# Cwc-g10 Vs. Gs2000



## denslen (Aug 15, 2007)

Hi all-

I have one of each, both purchased from silvermans around the same time-probably will only keep one to knock around in-which one between the two is probably more durable? Battery hatch or no? tritium lume or luminova? does the date wheel cause any extra "wear and tear" on the movement in the GS2000? are there any design improvements in the GS2000?

thanks in advance

cheers

Derek


----------



## MIKE (Feb 23, 2003)

What's a GS2000









Got any pic's

Mike


----------



## denslen (Aug 15, 2007)

the general services 2000, essentially the G10 with a press on back, a date window and luminova instead of tritium

cheers,

Derek



MIKE said:


> What's a GS2000
> 
> 
> 
> ...


----------



## MIKE (Feb 23, 2003)

I wondered if it was something like that, a new version of the G10.

Thanks

Mike


----------



## Running_man (Dec 2, 2005)

denslen said:


> Hi all-
> 
> I have one of each, both purchased from silvermans around the same time-probably will only keep one to knock around in-which one between the two is probably more durable? Battery hatch or no? tritium lume or luminova? does the date wheel cause any extra "wear and tear" on the movement in the GS2000? are there any design improvements in the GS2000?
> 
> ...


I'm no expert but the original G10 has been in use for years and is tried and tested. The GS2000 has a snap on case back which doesn't seem right to me. I chose the original G10 for this reason as well as it being a 'classic.' The GS 2000 does look nice though.


----------



## mach 0.0013137 (Jan 10, 2005)

Running_man said:


> denslen said:
> 
> 
> > Hi all-
> ...


CWC state that the GS2000 is



> Current RAF issue, MOD required non-tritium and no battery hatch; in all other respects it is the same watch as the current British army watch with the added feature of the date function.
> 
> Clear, precise, long-lasting. Swiss made with Swiss parts to extremely high standards.
> 
> The battery hatch is a requirement by the MOD for the CWC General Service G10; it was not specified by the RAF for the GS 2000.


----------



## andytyc (Sep 9, 2006)

I've got both as well, I must say that the GS2000 gets alot more wrist time because of the date function. In all honesty, I think they're both more or less the same. The battery hatch makes it much easier for quick replacements.
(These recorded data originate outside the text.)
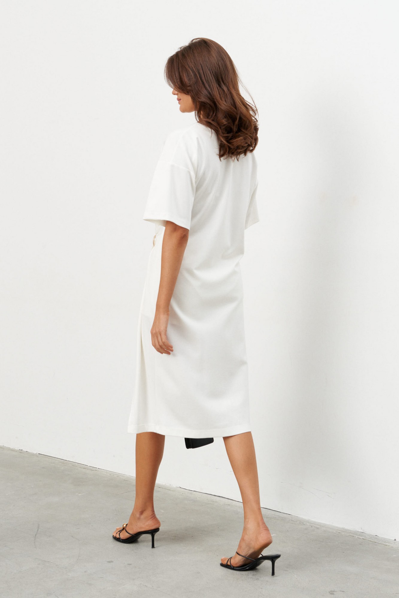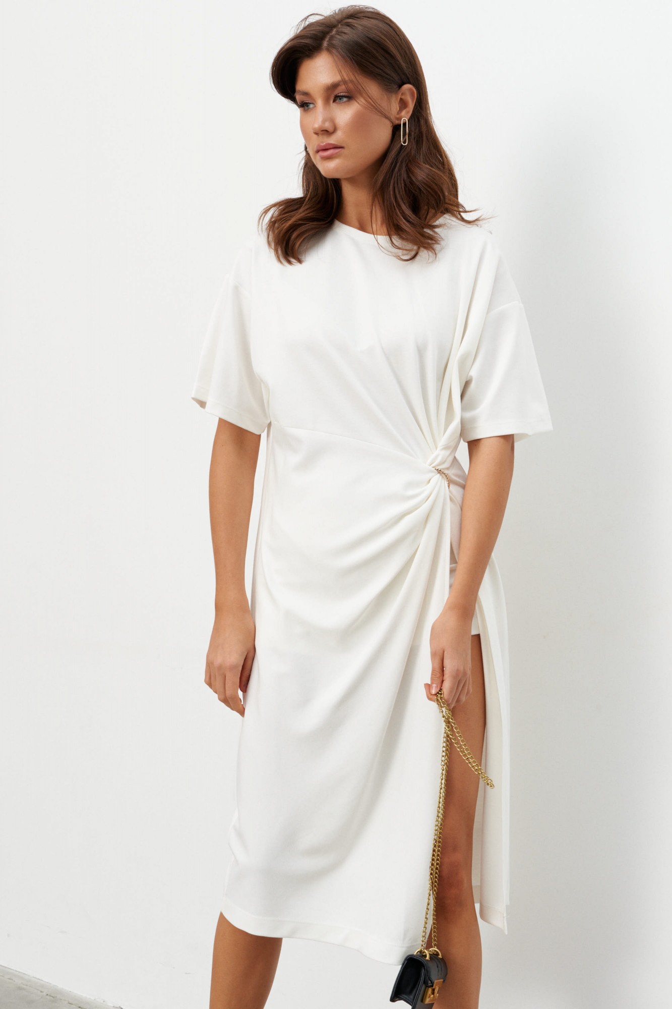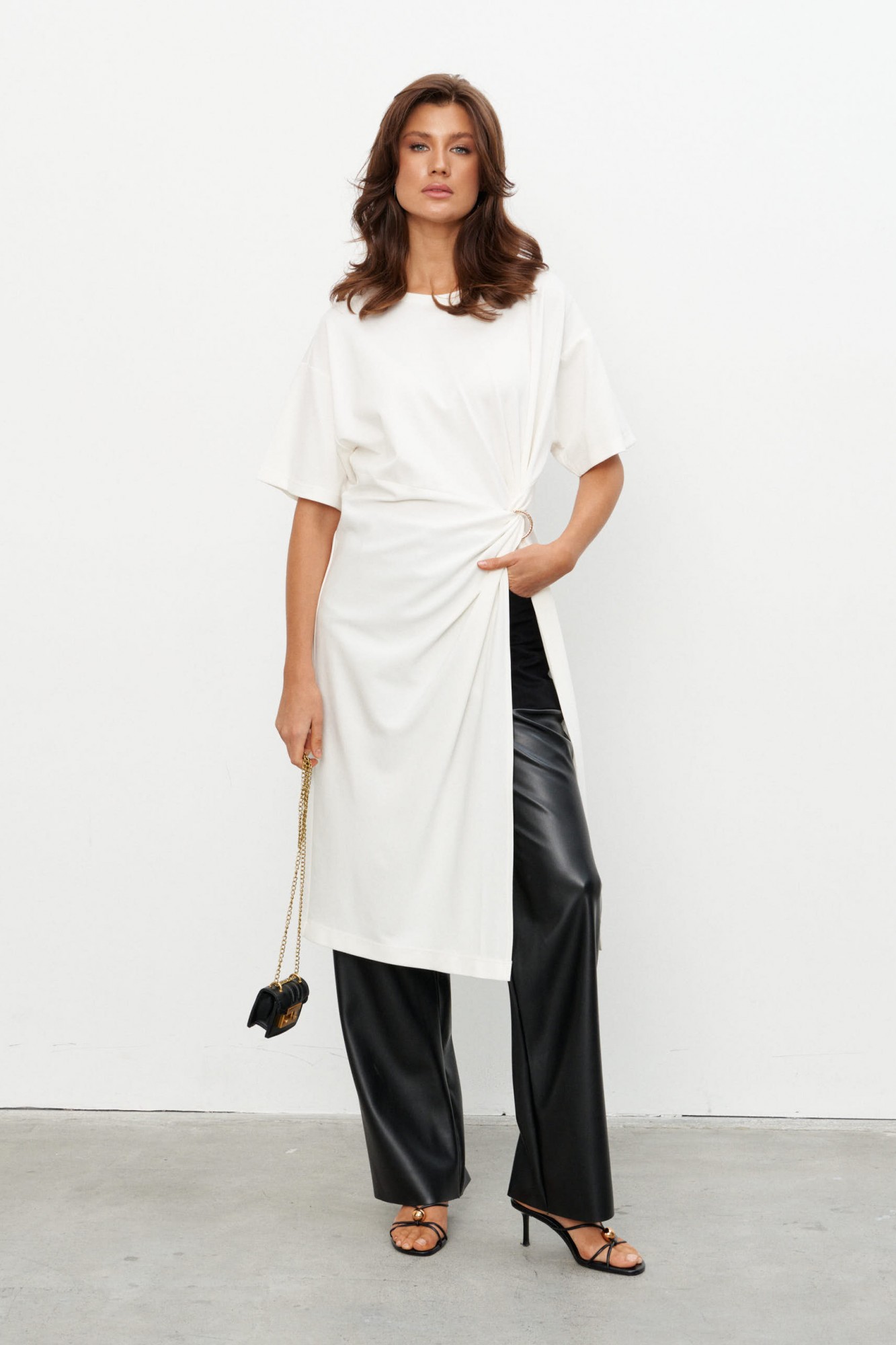 Комплект из трикотажного полотна состоящий из платья-туники и шорт. Платье со спущенным плечом и рукавом до локтя, горловина отделана эластичной бейкой. Сбоку, чуть ниже талии, конструктивный элемент в виде узла, переходящего в высокий разрез. Через узел протянуто декоративное золотое кольцо. Шорты плотно прилегающие на резинке по поясу.
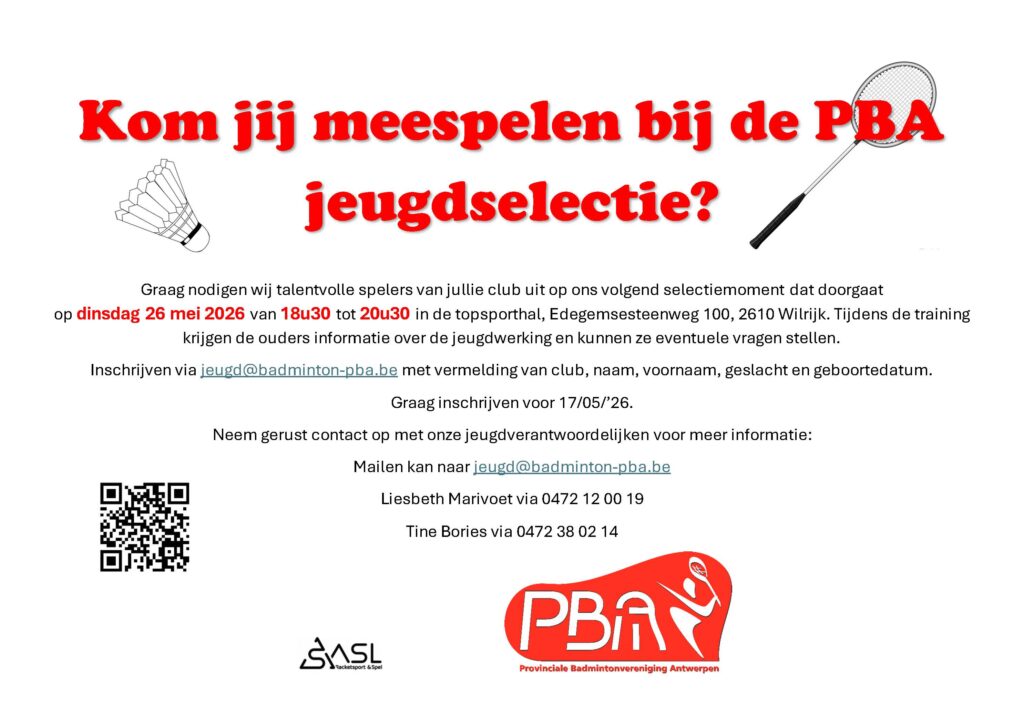 Aankondiging : PBA Selectiedag Dinsdag 26 mei 2026
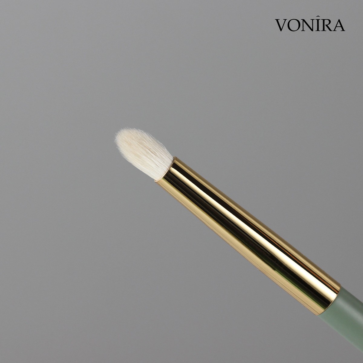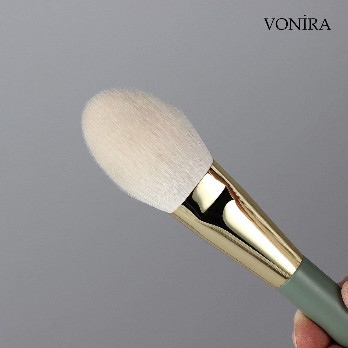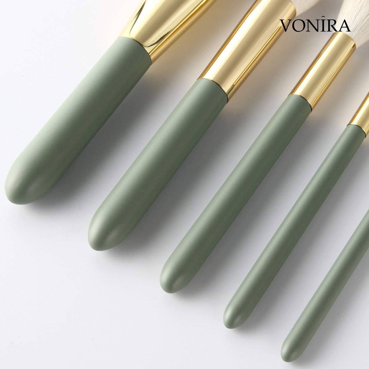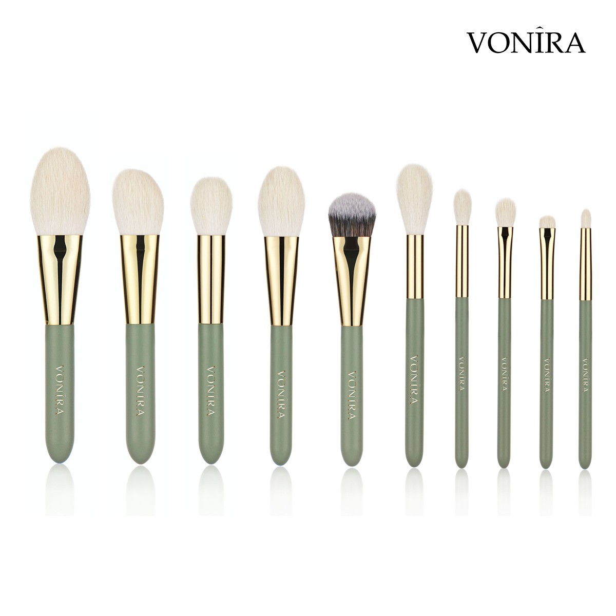 Vonira OEM Professional 10 Pieces Natural Animal Goat Hair Mocha Green Makeup Brush Set Free Sample Customised Cosmetic Brushes Making details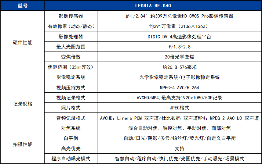 LEGRIA HF G40 輸電線路攝錄望遠鏡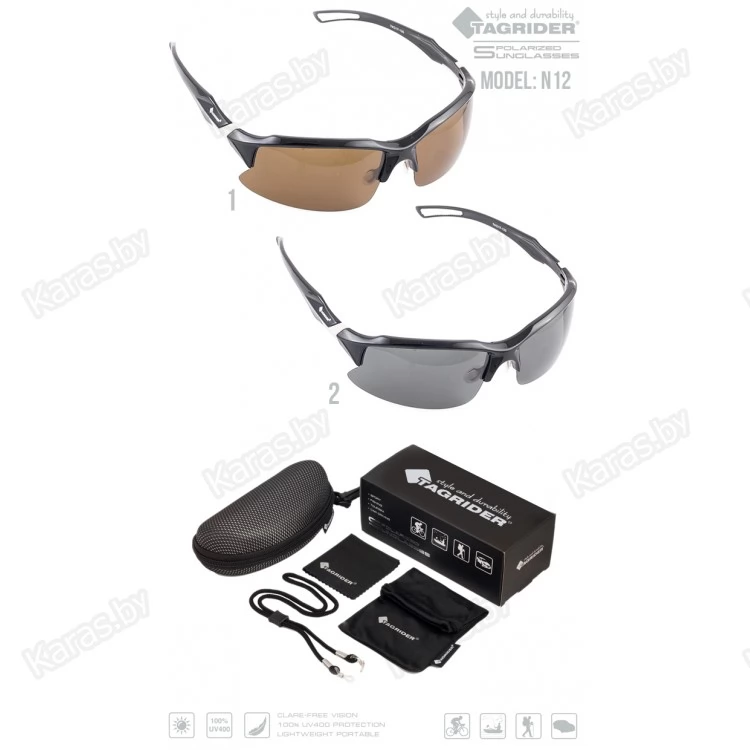 Поляризационные очки Tagrider оснащены прогрессивным 400 UV фильтром защиты от ультрафиолетового излучения, что позволяет полностью убрать негативное воздействие света на глаза и использовать их на солнце с любой интенсивностью. Прогрессивный светофильтр сохраняет всю гамму цветов предмета и усиливает свое действие с увеличением интенсивности света. Стекла с многослойной поляризацией снимают блики с любых отражающих поверхностей и делают изображение более четким. Затылочный держатель с фиксатором предотвратит падение и обеспечит надежную посадку очков даже при активном движении или занятии спортом. Очки выполнены из гипоаллергенного ударопрочного полимера марки ABS. В комплекте специальная карточка для проверки поляризации очков.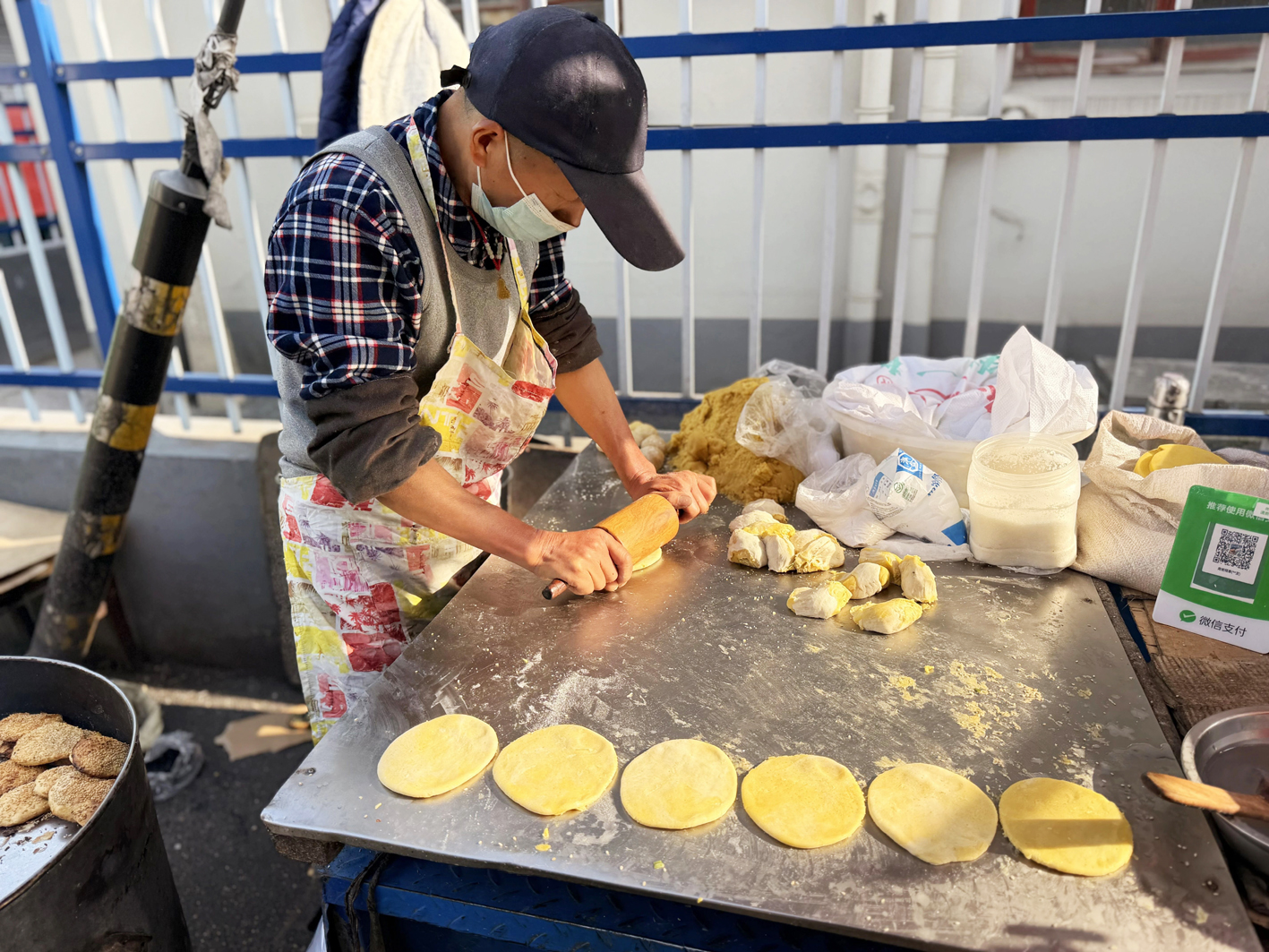 夫妻二人每天清晨5点在红叶小区的门市摆摊,下午2点,张叶发独自在资福大院门口卖烧饼,他妻子则留在红叶小区的门市里继续售卖。这样的节奏,酷暑寒冬,从未间断。“只要还有人爱吃,我就一直做下去。”

As for the GS2000, getting the back of is easy, getting it back on...now that's a different story.


----------



## pg tips (May 16, 2003)

mach 0.0013137 said:


> The battery hatch is a requirement by the MOD for the CWC General Service G10; it was not specified by the RAF for the GS 2000.


Im saying nothing about the engeneering capabilitites of the respective services


----------